Situé dans la première partie du roman, le texte proposé constitue un topos de la rencontre
amoureuse.
Extrait étudié
J’avais marqué le temps de mon départ d’Amiens. Hélas ! que ne le marquai-je un jour plus
tôt ! j’aurais porté chez mon père toute mon innocence. La veille même de celui que je
devais quitter cette ville, étant à me promener avec mon ami, qui s’appelait Tiberge, nous
vîmes arriver le coche d’Arras, et nous le suivîmes jusqu’à l’hôtellerie où ces voitures
descendent. Nous n’avions pas d’autre motif que la curiosité. Il en sortit quelques femmes
qui se retirèrent aussitôt ; mais il en resta une, fort jeune, qui s’arrêta seule dans la cour,
pendant qu’un homme d’un âge avancé, qui paraissait lui servir de conducteur, s’empressait
de faire tirer son équipage des paniers. Elle me parut si charmante, que moi, qui n’avais
jamais pensé à la différence des sexes, ni regardé une fille avec un peu d’attention ; moi, dis-
je, dont tout le monde admirait la sagesse et la retenue, je me trouvai enflammé tout d’un
coup jusqu’au transport. J’avais le défaut d’être excessivement timide et facile à
déconcerter ; mais, loin d’être arrêté alors par cette faiblesse, je m’avançai vers la maîtresse
de mon cœur.
Quoiqu’elle fût encore moins âgée que moi, elle reçut mes politesses sans paraître
embarrassée. Je lui demandai ce qui l’amenait à Amiens, et si elle y avait quelques personnes
de connaissance. Elle me répondit ingénument qu’elle y était envoyée par ses parents pour
être religieuse. L’amour me rendait déjà si éclairé depuis un moment qu’il était dans mon
cœur, que je regardai ce dessein comme un coup mortel pour mes désirs. Je lui parlai d’une
manière qui lui fit comprendre mes sentiments ; car elle était bien plus expérimentée que
moi : c’était malgré elle qu’on l’envoyait au couvent, pour arrêter sans doute son penchant
au plaisir, qui s’était déjà déclaré, et qui a causé dans la suite tous ses malheurs et les miens.
Problématique
En quoi cette rencontre amoureuse pose-t-elle marque le début d’une passion néfaste ?
Plan linéaire
Dans un premier mouvement, de « J’avais marqué le temps » à « aussitôt« , le chevalier Des
Grieux fait le récit rétrospectif de sa rencontre avec Manon Lescaut.

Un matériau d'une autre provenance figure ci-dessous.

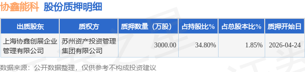 证券之星消息,协鑫能科(002015)4月29日公开信息显示,股东上海协鑫创展企业管理有限公司向苏州资产投资管理集团有限公司合计质押3000.0万股,占总股本1.85%。质押详情见下表: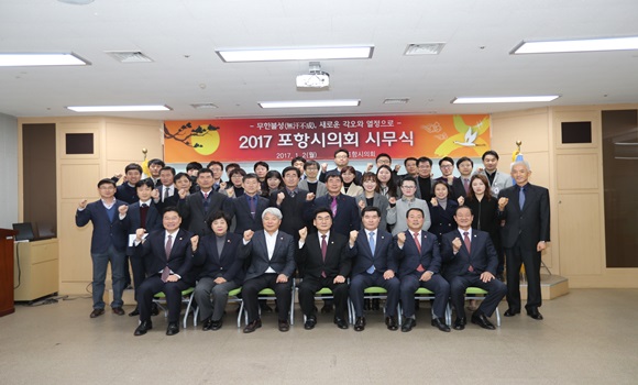 [포항] 포항시의회는 정유년 새해를 맞아 시민들에게 희망을 주고 민생위주의 생산적 의정활동을 펼친다는 각오로 ‘무한불성(無汗不成)’을 외치며 2017년을 열었다.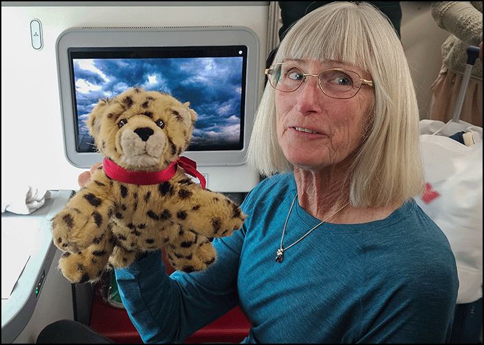 frequent-flier miles to upgrade to Cloud Nine business class made the flight a pleasure instead of an ordeal, with excellent food and seats that could fold down flat into beds. The rest of our group was traveling in similar comfort on a United flight from Newark. My little stuffed cheetah Duma, my safari mascot, rode safely in my carry‑on this time. After he went missing with my suitcase for several days on the last trip, I wasn’t taking any chances.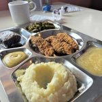 Martin’s TV dinner meal was served on a stainless-steel, retro-style cafeteria tray.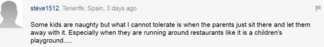 “有些小孩很調(diào)皮,但我不能容忍的是他們的父母居然放任他們。特別是他們在餐廳里追逐,就好像在兒童樂園一樣”
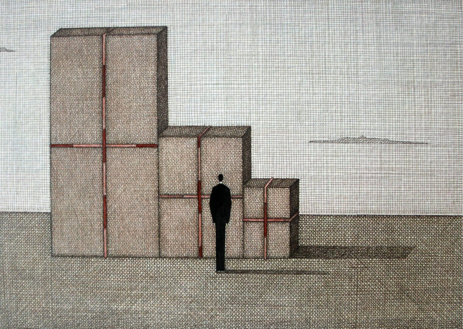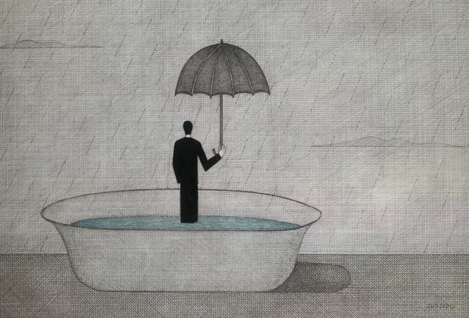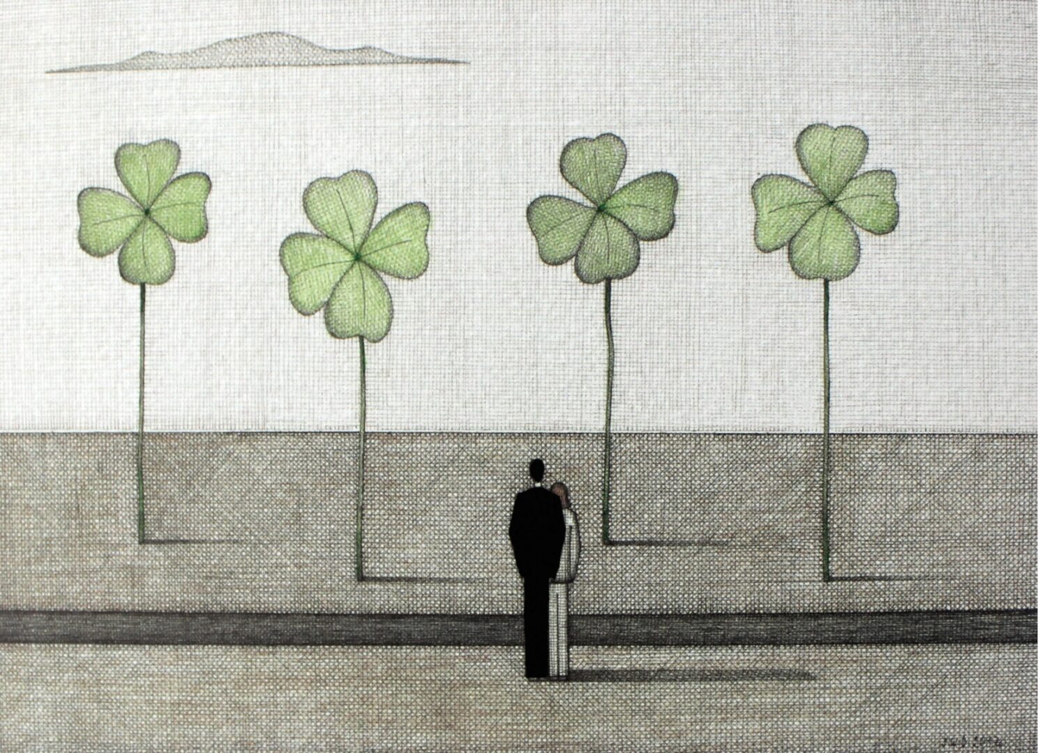 Niekiedy wdzięcznym graficznie motywem jest kostka do gry, ogromniejący ślimak albo po prostu pusty pokój. Co dziwne, mimo iż postać owa zagadkowa stanowi swoisty znak firmowy artystki, identyfikujący większość prac i potwierdzający ich tożsamość, nikt jak dotychczas nie zwrócił na niego uwagi. A przecież jest to postać kluczowa. Czyż nie stanowi alter ego autorki? Można się zastanawiać, na ile stworzona w pełni świadomie, a na ile intuicyjnie… Owszem zdarzało mi się pytać artystkę, w jakim stopniu rysunki czy grafiki są wcześniej „zaprojektowane”, a w jakim stopniu „spływają” tuszem na papier spontanicznie. Odpowiedzi tak do końca nie uzyskałem.

Dans un deuxième mouvement, de « mais il en resta une » à « maîtresse de mon coeur« , il
peint la naissance du sentiment amoureux.
Dans un troisième mouvement, de « Quoiqu’elle fût encore mois âgée » à « tous ses
malheurs et les miens« , nous étudierons que cette rencontre déterminante scelle
indéniablement le destin des personnages.
Conclusion
La rencontre amoureuse racontée par le double regard d’un narrateur jeune et passionné et
d’un narrateur plus âgé et critique place le lecteur au cœur d’une histoire complexe.
Témoin de la naissance des sentiments intenses de Des Grieux, le lecteur assiste, impuissant,
aux débuts de cette passion, à l’étymologie double : à la fois source d’amour et de
souffrance, entre sentiments et interdits, la tragédie se noue déjà.